Q: I’m a 22-year-old college student about to graduate with an insane amount of debt. My loans come from multiple lenders and I was wondering: Would it be smart — or at least possible — to take out a consolidation student loan from a bank or credit union and pay my loans with that big loan so I only have one payment each month? — Heather
A: Student loan consolidation is worth a look, but proceed with caution. Although lumping myriad loans into one may be easier to manage and can provide other benefits — such as releasing a cosigner — you don’t want to lose benefits that some of your existing student loans may offer. And, although consolidation can lock in a fixed interest rate, providing protection if rates go up, you’ll be stuck with the higher APR if rates dip.
If you have a combination of federally-guaranteed student loans (Stafford and Perkins loans are common examples) and private loans, you may not be able to consolidate all loans under one roof. In most cases, federal student loans are eligible for consolidation and private loans can be consolidated, but not both together.

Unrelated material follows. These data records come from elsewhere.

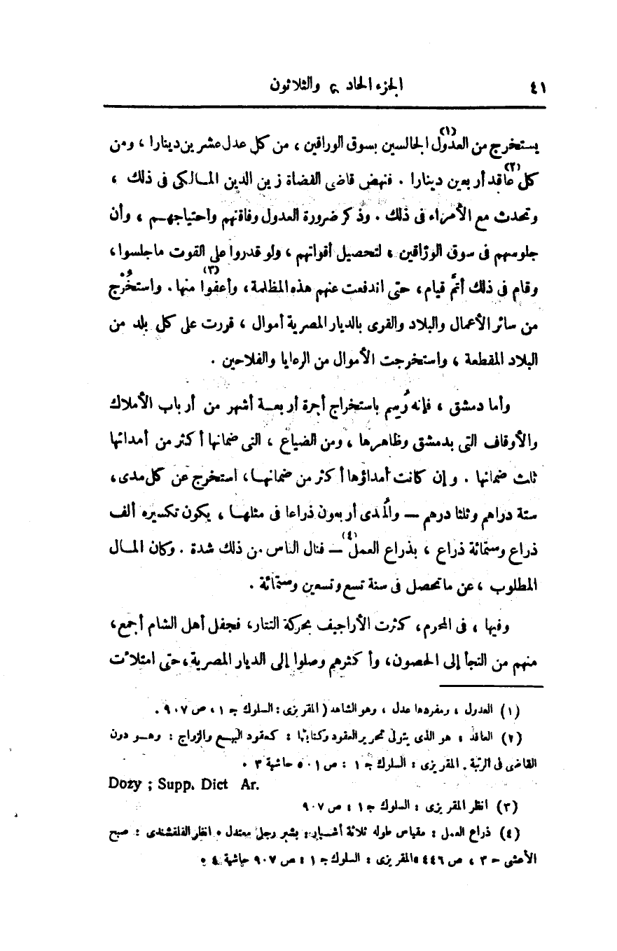 يستخرج من العدول «1» الجالسين بسوق الوراقين، من كل عدل عشرين دينارا، ومن كل «2» عاقد أربعين دينارا. فنهض قاضى القضاة زين الدين المالكى فى ذلك، وتحدث مع الأمراء فى ذلك. وذكر ضرورة العدول وفاقتهم واحتياجهم، وأن جلوسهم فى سوق الوزاقين، لتحصيل أقواتهم، ولو قدروا على القوت ما جلسوا، وقام فى ذلك أتمّ قيام، حتى اندفعت عنهم هذه المظلمة، وأعفوا «3» منها. واستخرج من سائر الأعمال والبلاد والقرى بالديار المصرية أموال، قررت على كل بلد من البلاد المقطعة، واستخرجت الأموال من الرعايا والفلاحين.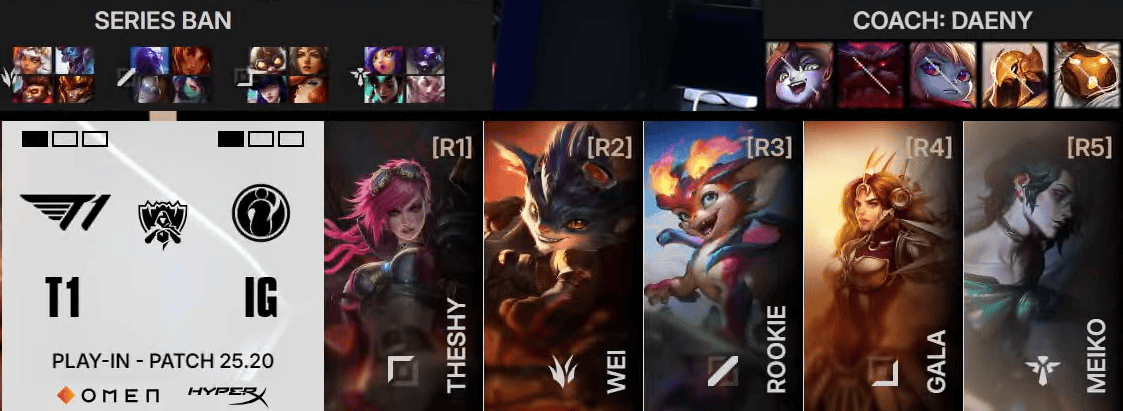 IG选用:TheShy兰博、Wei蔚、Rookie彗、GALA斯莫德、Meiko蕾欧娜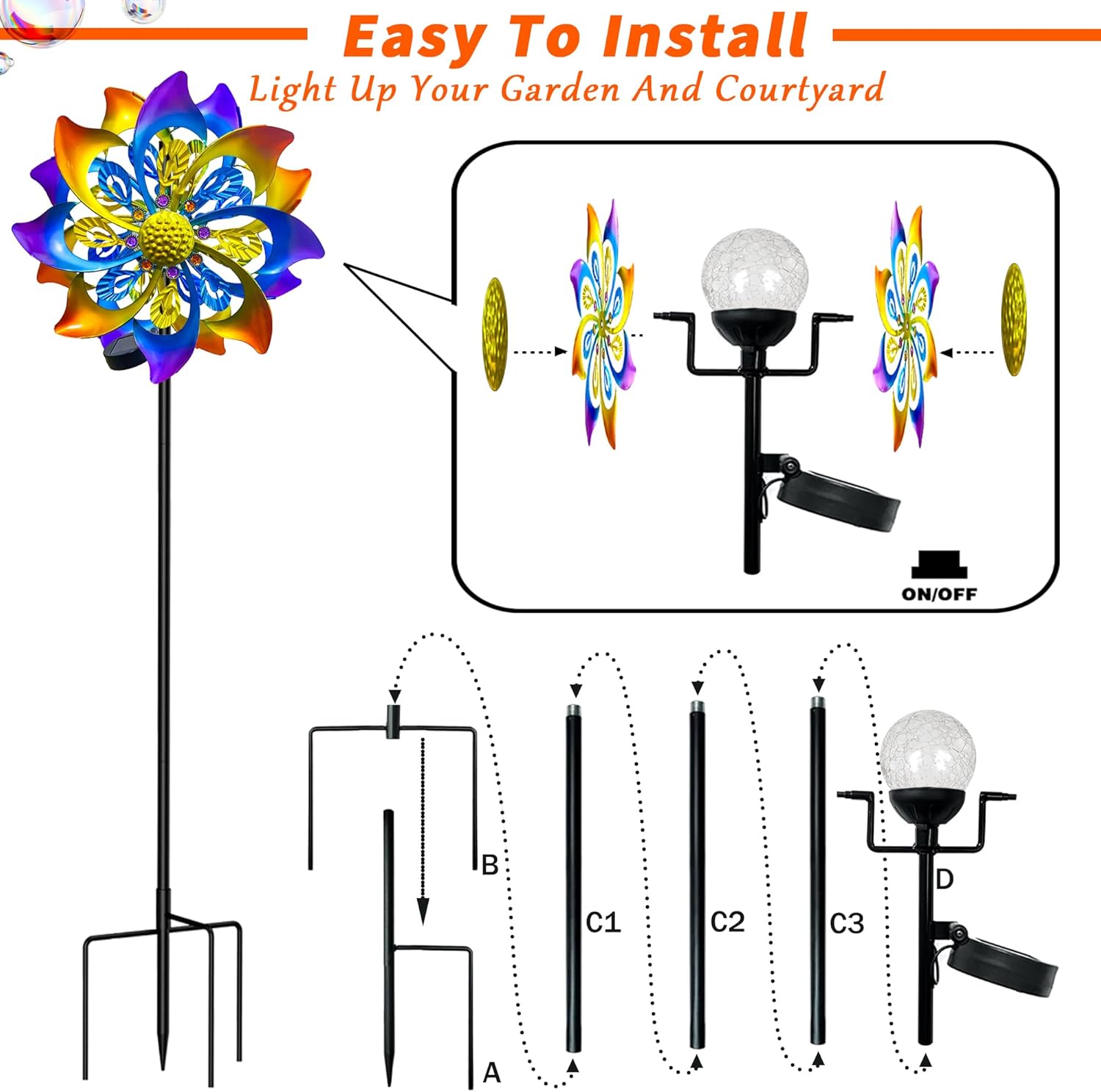 • Vibrant Double-Sided Solar Design: Our 60-inch Solar Wind Spinner Outdoor captures sunlight by day and glows elegantly at night, transforming your garden into a mesmerizing display. Perfect as yard decorations outdoor, these kinetic wind spinners outdoor add dynamic color and movement to any space.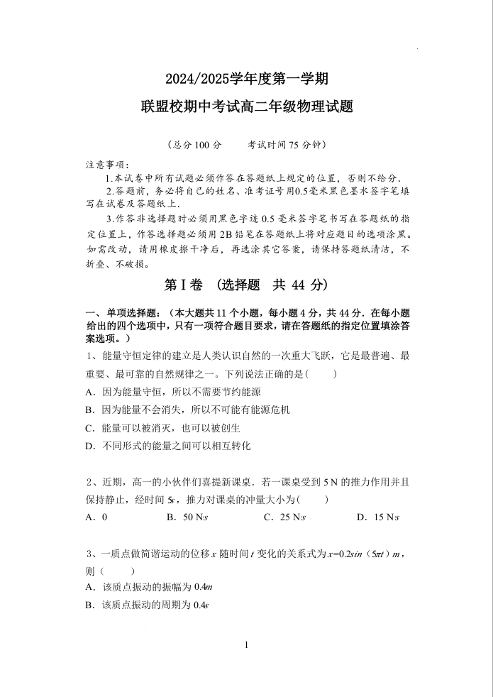 江苏省盐城市五校联考2024-2025学年高二上学期11月期中考试试题物理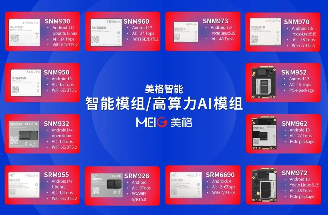 从开创到引领,美格智能以端侧算力为切入点,行业率先打造高算力AI模组矩阵,凭借优质的产品品质和定制化服务能力受到行业客户的一致好评。算力是端侧AI运行的基座,针对不同客户对算力、功耗、尺寸的要求,美格智能打造包含SNM973、SNM932、SNM950、SNM960、SNM970、SNM952、SNM962、SNM972等系列模组,AI算力覆盖12Tops~48Tops,涵盖入门级、中端、旗舰级多层次算力水平,能够适应不同行业和应用场景的需求。同时在高算力AI模组的基础上,美格智能团队正不断与行业领先的SoC阵列式服务器客户密切合作,相关产品成为各类端侧通用AI、边缘计算AI服务器的优质选择,凭借高性能和高性价比助力边缘侧AI部署,推动边缘侧算力发展。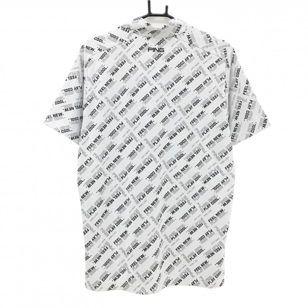 超 ピン 半袖ハイネックシャツ 白×黒 ロゴ総柄 メンズ LL ゴルフウェア モデル PING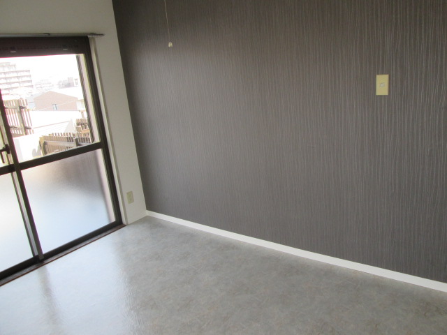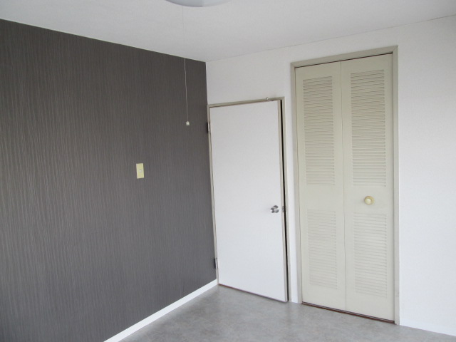 壁紙はメインは白系で壁の1面だけダーク系の壁紙をアクセントで施工してます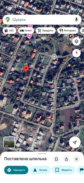 Земельна ділянка знаходиться на повністю заселеній вулиці Павлика, поруч із вулицею Успенська, 800 метрів від нової школи, вулиця має два заїзди проте не є транзитом для жодної іншої вулиці, тому машини тут проїжджають лише сусідів, навколо вже всі будинки збудовані та заселені.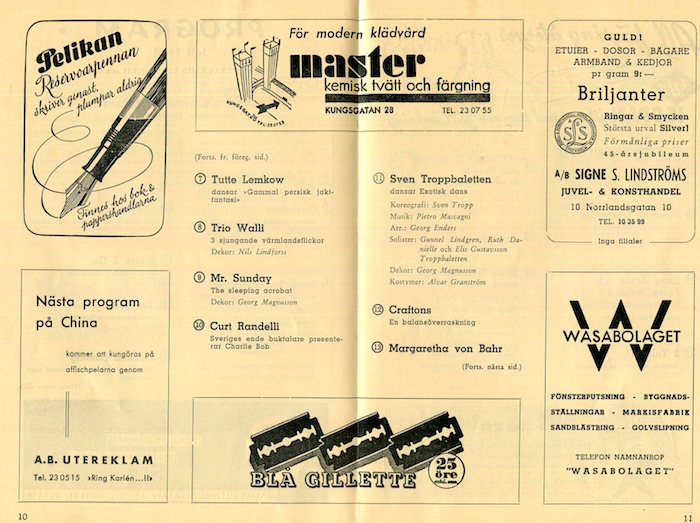 Sweden Stockholm Entertainment China Variete Program 1944 Inside 2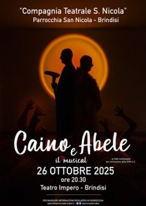 «Caino e Abele» è il titolo del musical che andrà in scena presso il Teatro Impero di Brindisi domenica 26 ottobre alle ore 20.30, realizzato dalla comunità parrocchiale del quartiere Paradiso di Brindisi sull’eterna lotta tra bene e male, tema di estrema attualità, specie tra i giovani. Uno spettacolo è a cura di Piera Penta.

For private loan consolidation, a good place to start is CUStudentLoans, a consortium of credit unions that provide private consolidation loans. Other big banks like Citi, Chase, Wells Fargo, etc. may also have programs.
For federal student loans, start with your loan servicers, who may offer or be able to recommend consolidation options. If you’re unsure what kinds of federal loans you have, visit www.nslds.ed.gov. You’ll need your FAFSA PIN which you can retrieve here: www.pin.ed.gov.
Whether you qualify will depend on your credit worthiness, employment situation, and the size of your loans. Some lenders may cap how much they’ll lend for consolidation. In the meantime, the best approach is to get organized with your loans via a spreadsheet or a free online tool to track interest rates, due dates, grace periods, and payments. If you have several student loans, Tuition.io is a new app that can help you get to that level of organization.